**DESCRIPTION OF THE TASK**
Lines outside the range are not wanted. Give again exactly the lines between the line holding "On est jamais" and the line holding "太阳能右道变窄标志牌由LED", inclusive, from the listing below.

**THE DATA**
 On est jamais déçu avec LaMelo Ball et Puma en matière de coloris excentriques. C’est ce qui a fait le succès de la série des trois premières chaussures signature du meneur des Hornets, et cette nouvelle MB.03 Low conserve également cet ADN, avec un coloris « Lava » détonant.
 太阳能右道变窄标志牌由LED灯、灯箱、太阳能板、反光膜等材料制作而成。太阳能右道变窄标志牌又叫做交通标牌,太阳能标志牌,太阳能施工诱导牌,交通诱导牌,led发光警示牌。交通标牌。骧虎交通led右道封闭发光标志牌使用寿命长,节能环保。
...
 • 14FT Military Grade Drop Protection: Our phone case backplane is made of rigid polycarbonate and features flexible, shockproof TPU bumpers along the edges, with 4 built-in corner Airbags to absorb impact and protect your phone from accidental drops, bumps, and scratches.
==
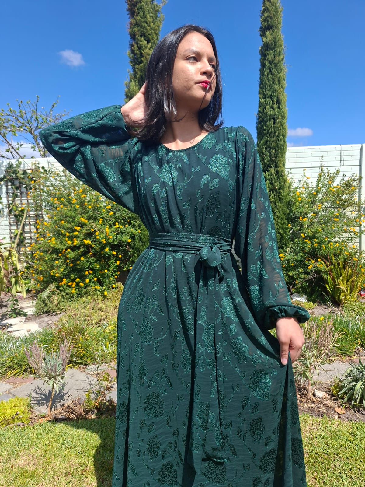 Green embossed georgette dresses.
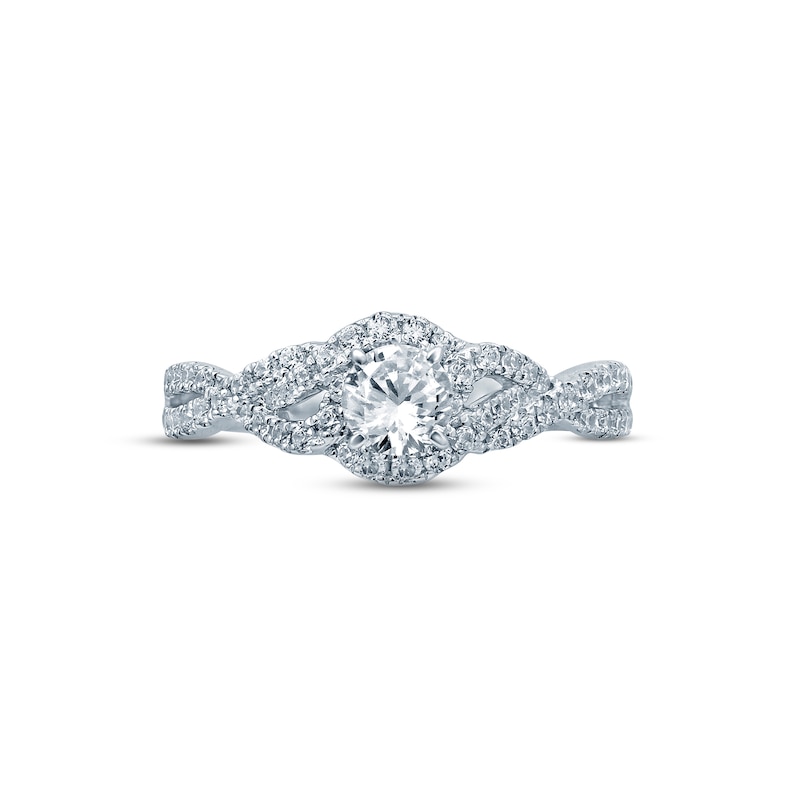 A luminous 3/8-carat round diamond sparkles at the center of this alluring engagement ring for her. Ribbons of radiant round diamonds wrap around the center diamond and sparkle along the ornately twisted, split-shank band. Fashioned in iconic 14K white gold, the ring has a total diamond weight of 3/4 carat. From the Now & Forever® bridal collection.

**WORKED SOLUTION**
 On est jamais déçu avec LaMelo Ball et Puma en matière de coloris excentriques. C’est ce qui a fait le succès de la série des trois premières chaussures signature du meneur des Hornets, et cette nouvelle MB.03 Low conserve également cet ADN, avec un coloris « Lava » détonant.
 太阳能右道变窄标志牌由LED灯、灯箱、太阳能板、反光膜等材料制作而成。太阳能右道变窄标志牌又叫做交通标牌,太阳能标志牌,太阳能施工诱导牌,交通诱导牌,led发光警示牌。交通标牌。骧虎交通led右道封闭发光标志牌使用寿命长,节能环保。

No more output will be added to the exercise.